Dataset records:
= Beginning of Section =

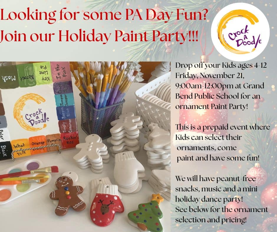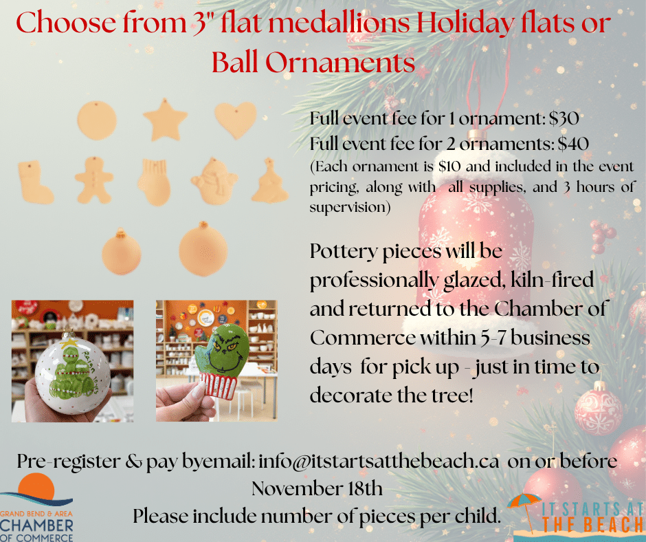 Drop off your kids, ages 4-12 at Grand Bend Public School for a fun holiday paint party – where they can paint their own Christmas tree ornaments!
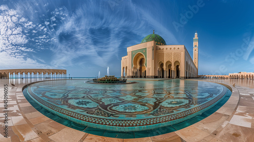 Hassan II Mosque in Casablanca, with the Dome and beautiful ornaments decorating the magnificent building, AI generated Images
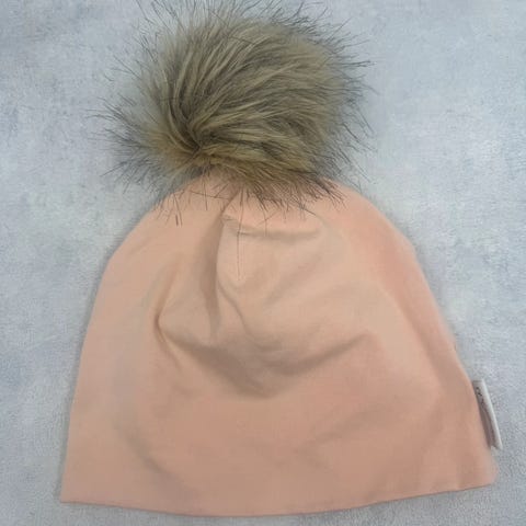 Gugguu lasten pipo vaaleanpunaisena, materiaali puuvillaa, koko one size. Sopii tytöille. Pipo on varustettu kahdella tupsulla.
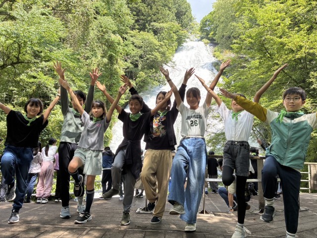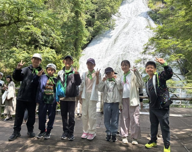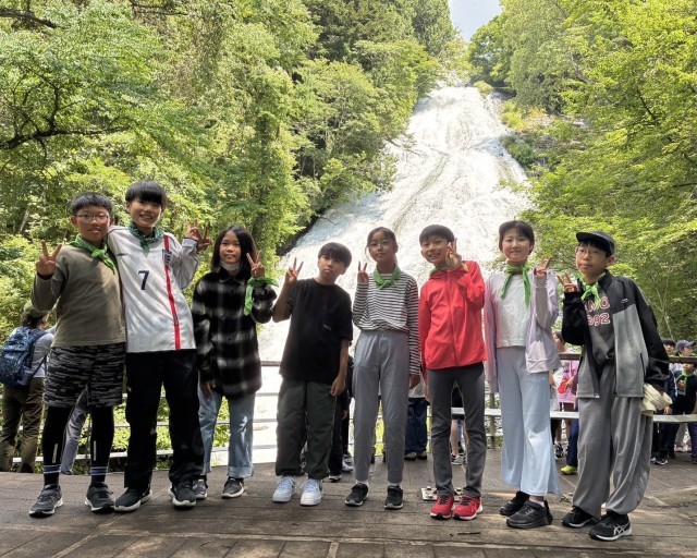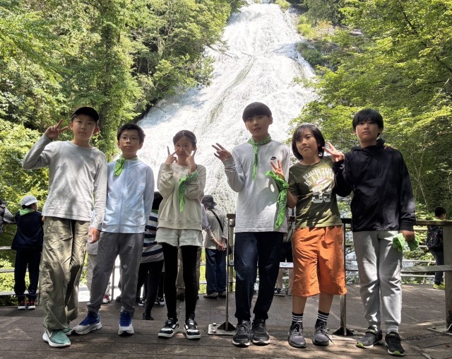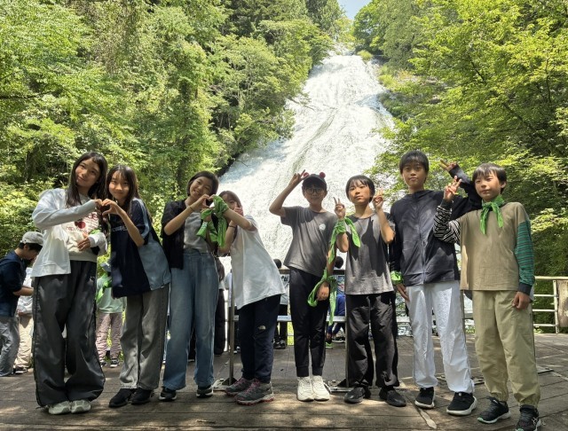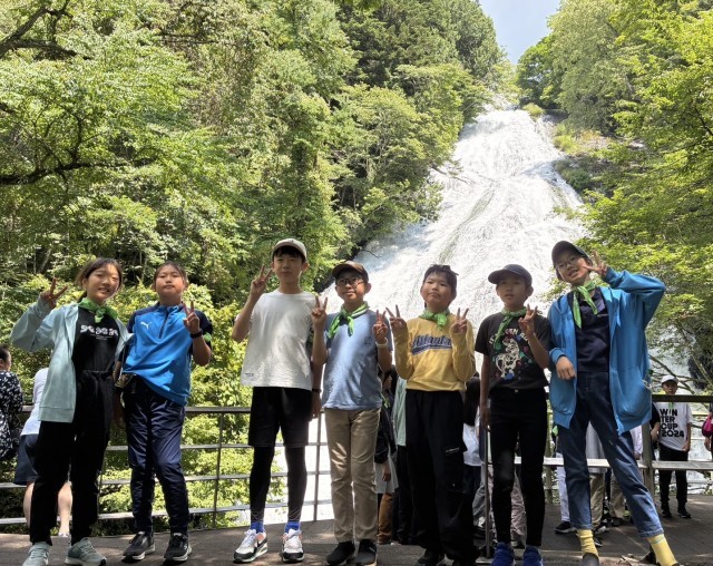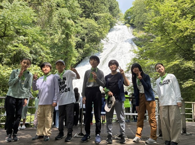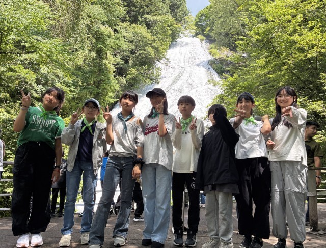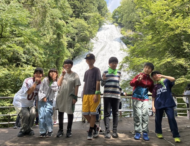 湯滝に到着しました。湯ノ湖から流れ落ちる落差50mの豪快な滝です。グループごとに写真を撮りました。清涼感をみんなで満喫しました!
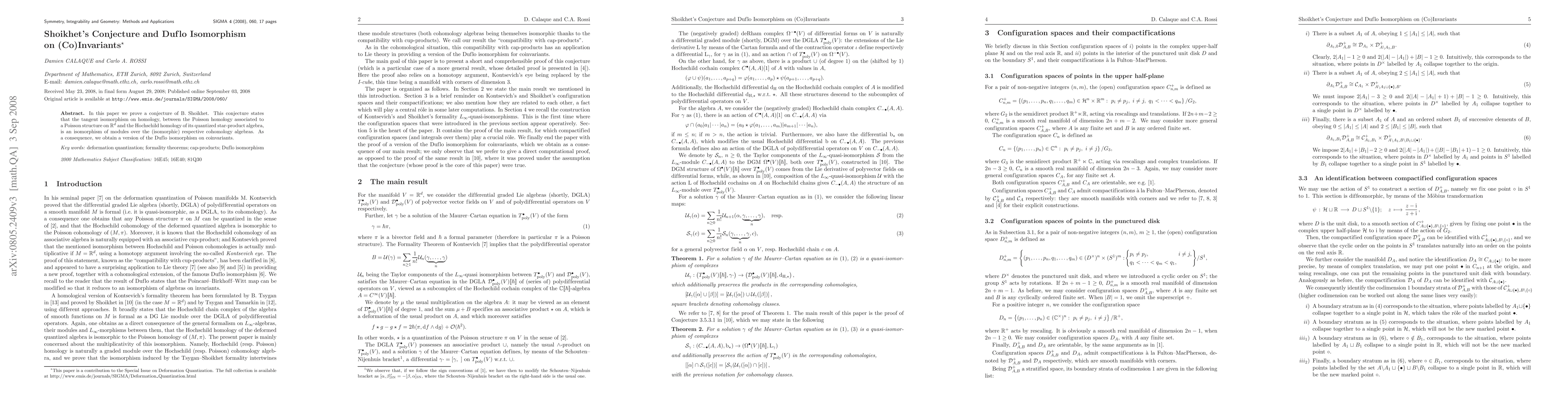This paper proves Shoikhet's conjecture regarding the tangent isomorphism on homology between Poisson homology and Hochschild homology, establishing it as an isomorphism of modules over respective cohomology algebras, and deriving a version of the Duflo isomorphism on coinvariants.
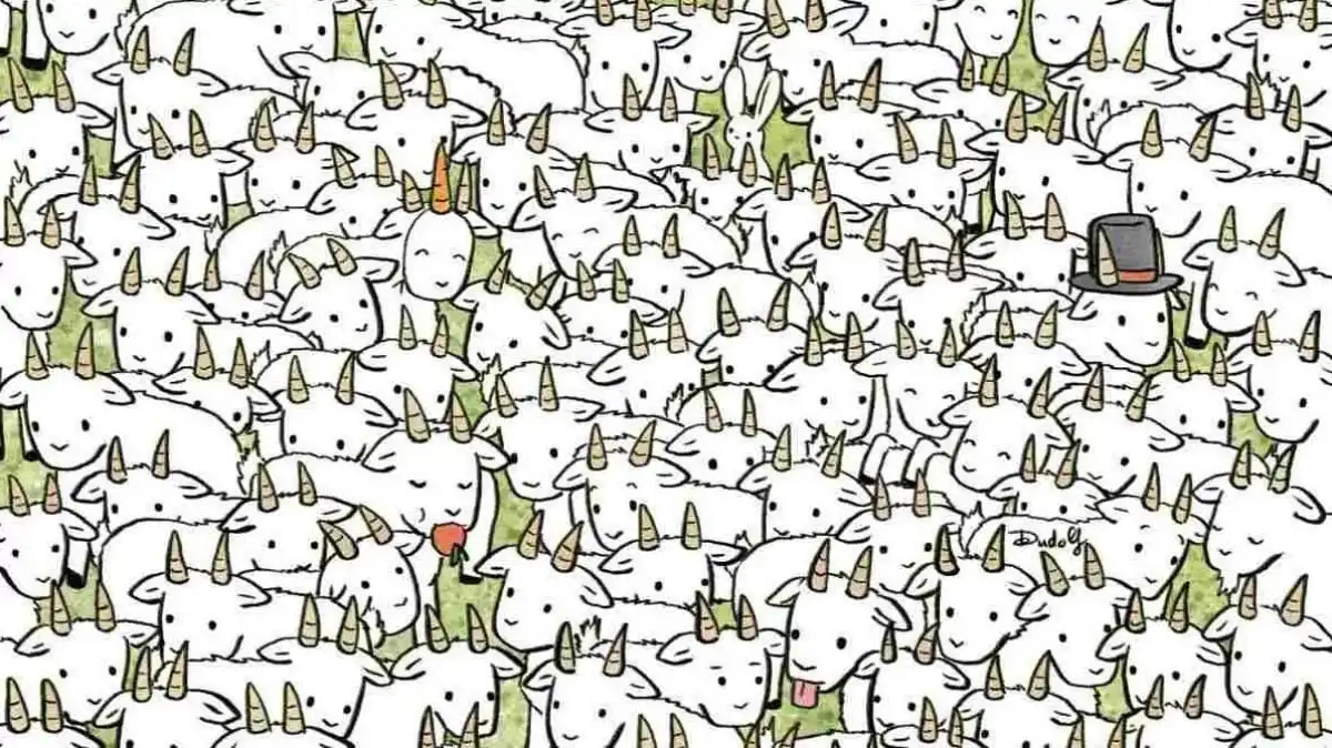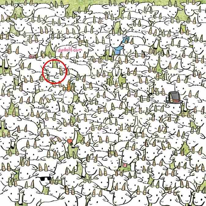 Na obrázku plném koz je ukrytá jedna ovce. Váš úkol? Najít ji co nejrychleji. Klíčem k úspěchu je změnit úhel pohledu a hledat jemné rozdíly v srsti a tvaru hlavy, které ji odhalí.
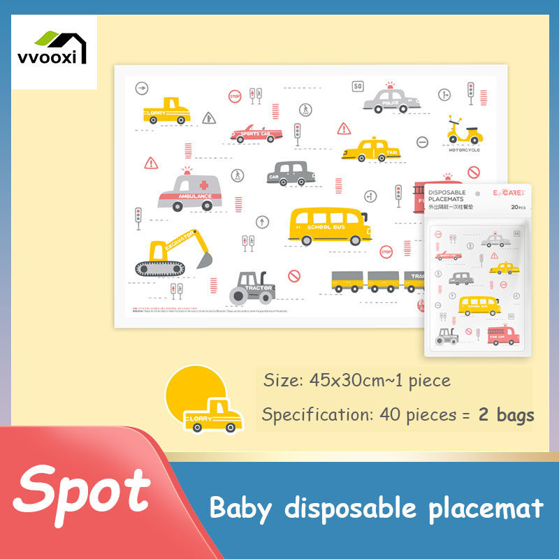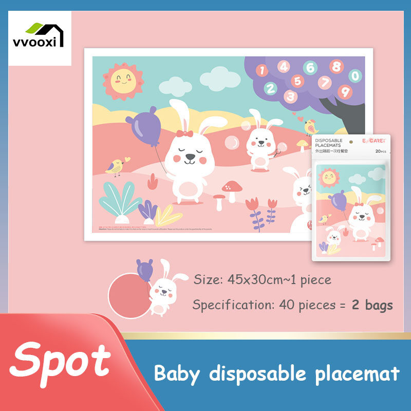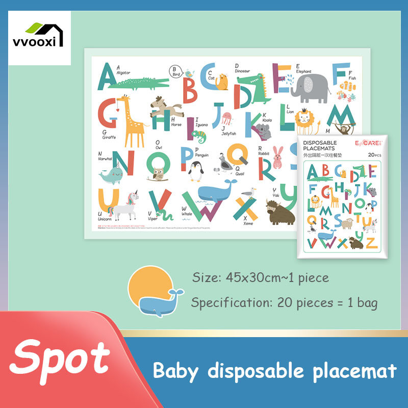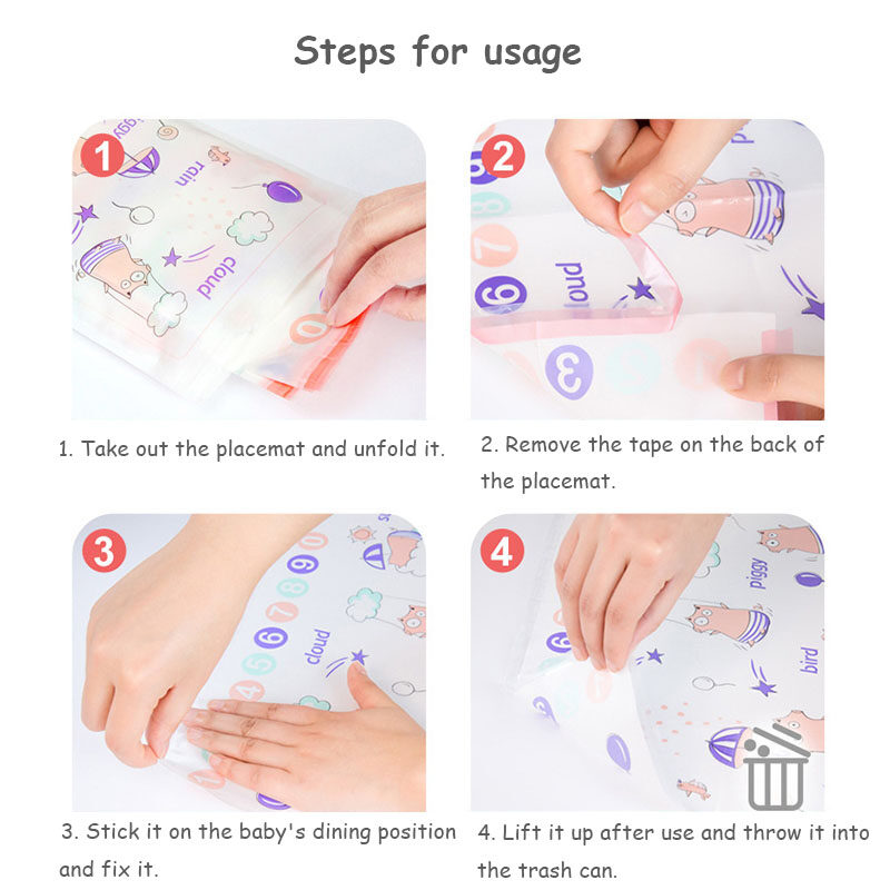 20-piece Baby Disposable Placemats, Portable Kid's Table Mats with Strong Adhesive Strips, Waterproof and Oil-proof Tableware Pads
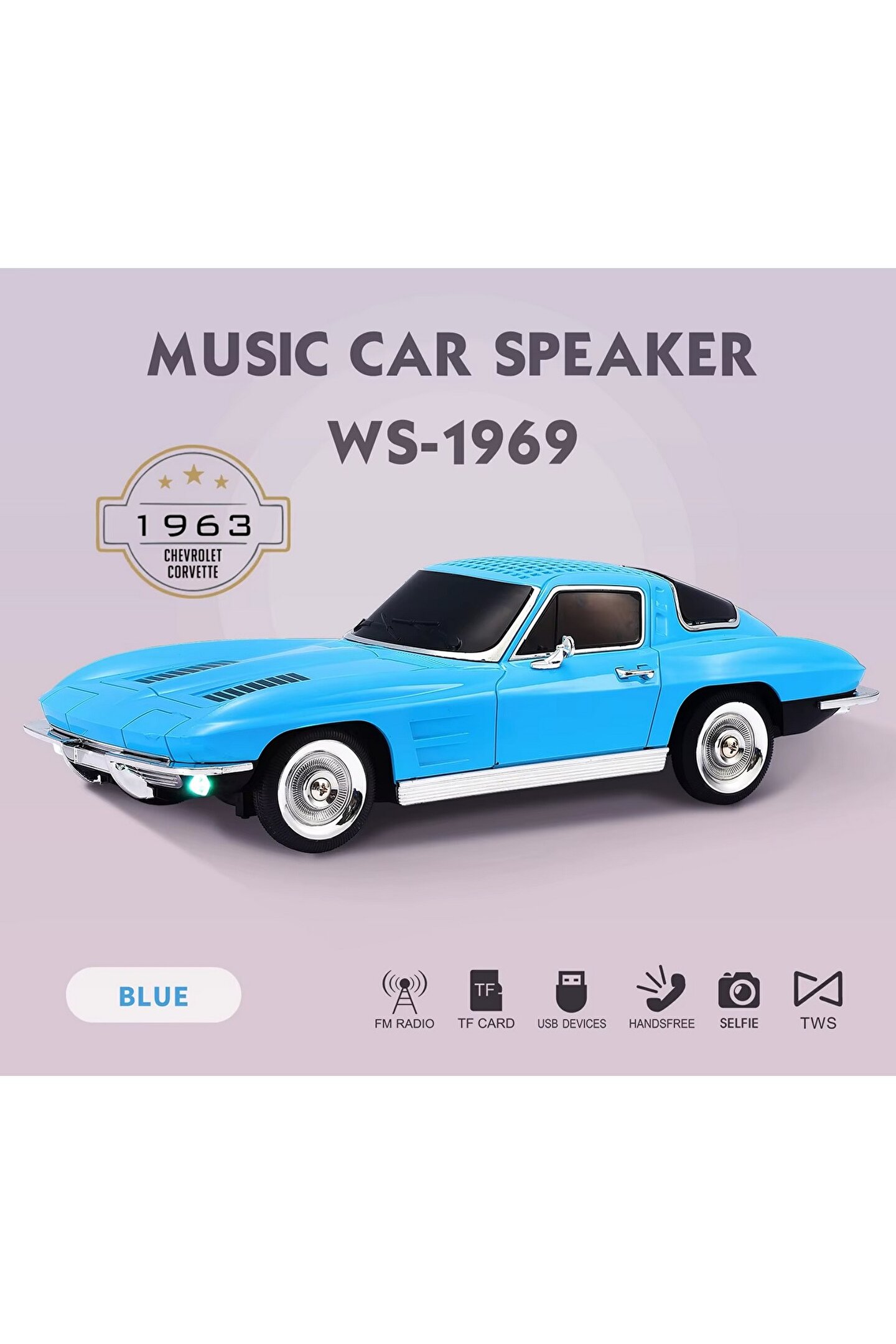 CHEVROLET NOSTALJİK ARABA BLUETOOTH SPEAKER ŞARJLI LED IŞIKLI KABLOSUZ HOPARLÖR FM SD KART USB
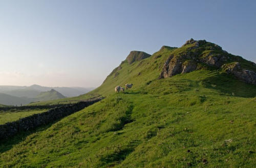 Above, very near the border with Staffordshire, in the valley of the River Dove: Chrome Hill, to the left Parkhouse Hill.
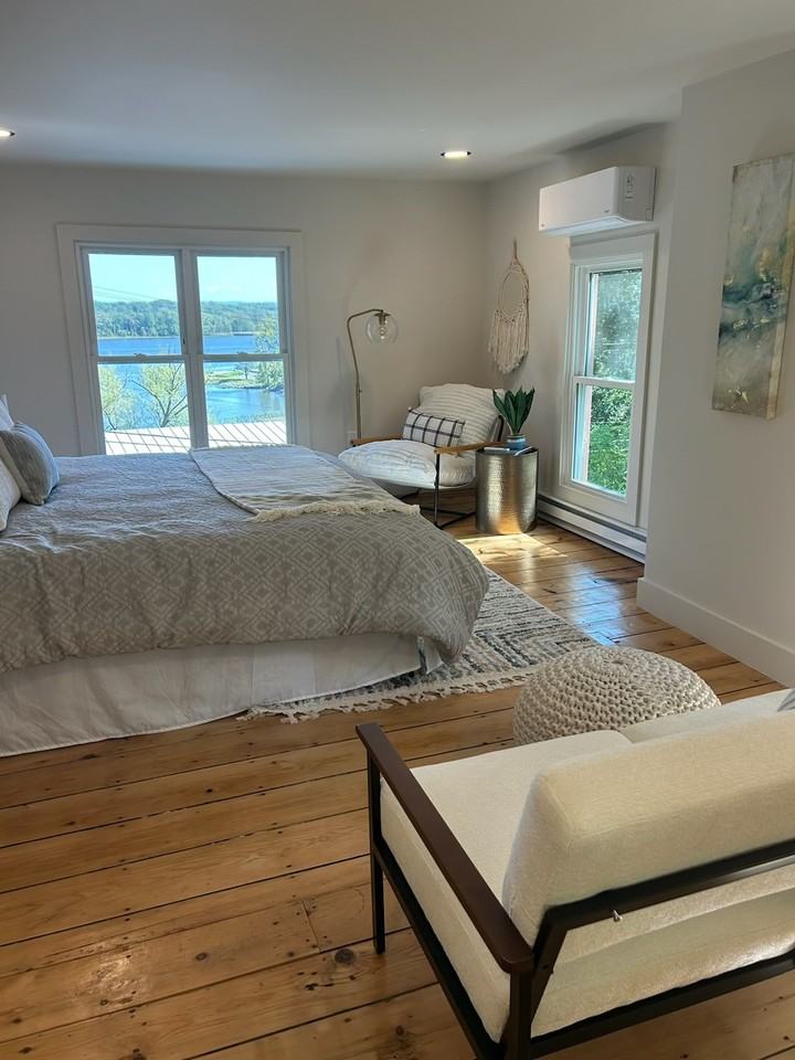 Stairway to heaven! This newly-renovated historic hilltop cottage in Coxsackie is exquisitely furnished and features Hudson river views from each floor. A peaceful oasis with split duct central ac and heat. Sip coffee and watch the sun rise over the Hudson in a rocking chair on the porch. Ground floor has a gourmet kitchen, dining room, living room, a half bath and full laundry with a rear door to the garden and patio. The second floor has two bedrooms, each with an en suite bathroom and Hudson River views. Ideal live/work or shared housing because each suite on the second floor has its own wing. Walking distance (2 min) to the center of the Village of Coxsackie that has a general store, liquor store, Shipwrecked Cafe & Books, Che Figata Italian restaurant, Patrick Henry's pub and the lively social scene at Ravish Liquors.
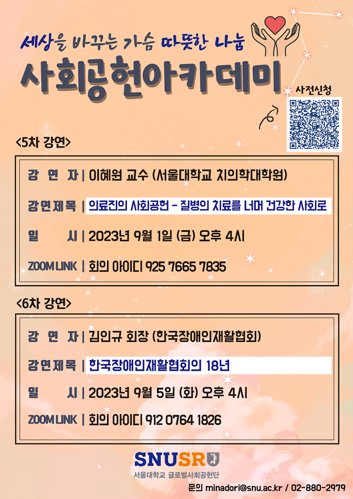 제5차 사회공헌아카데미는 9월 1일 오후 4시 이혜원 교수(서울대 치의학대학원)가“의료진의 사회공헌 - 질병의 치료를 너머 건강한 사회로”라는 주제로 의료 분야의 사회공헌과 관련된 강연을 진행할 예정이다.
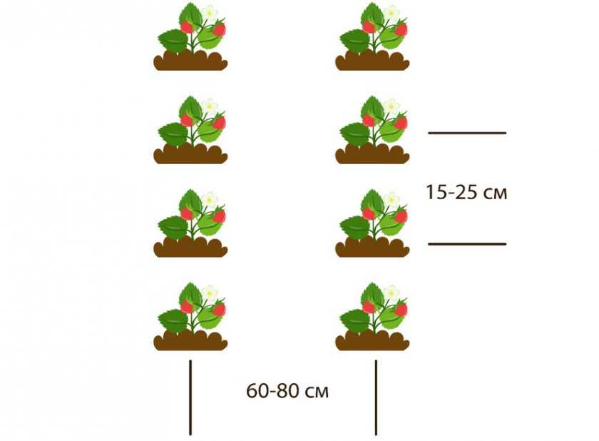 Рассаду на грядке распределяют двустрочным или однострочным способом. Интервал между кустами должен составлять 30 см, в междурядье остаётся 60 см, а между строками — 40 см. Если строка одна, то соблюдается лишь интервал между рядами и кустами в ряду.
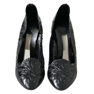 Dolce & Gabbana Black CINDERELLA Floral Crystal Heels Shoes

= End of Section =

* Exercise brief
Using the records above, print exactly the lines between the ones containing "20-piece Baby Disposable" and "CHEVROLET NOSTALJİK ARABA", inclusive, and nothing else; no pictures.

* Task output
 20-piece Baby Disposable Placemats, Portable Kid's Table Mats with Strong Adhesive Strips, Waterproof and Oil-proof Tableware Pads
 CHEVROLET NOSTALJİK ARABA BLUETOOTH SPEAKER ŞARJLI LED IŞIKLI KABLOSUZ HOPARLÖR FM SD KART USB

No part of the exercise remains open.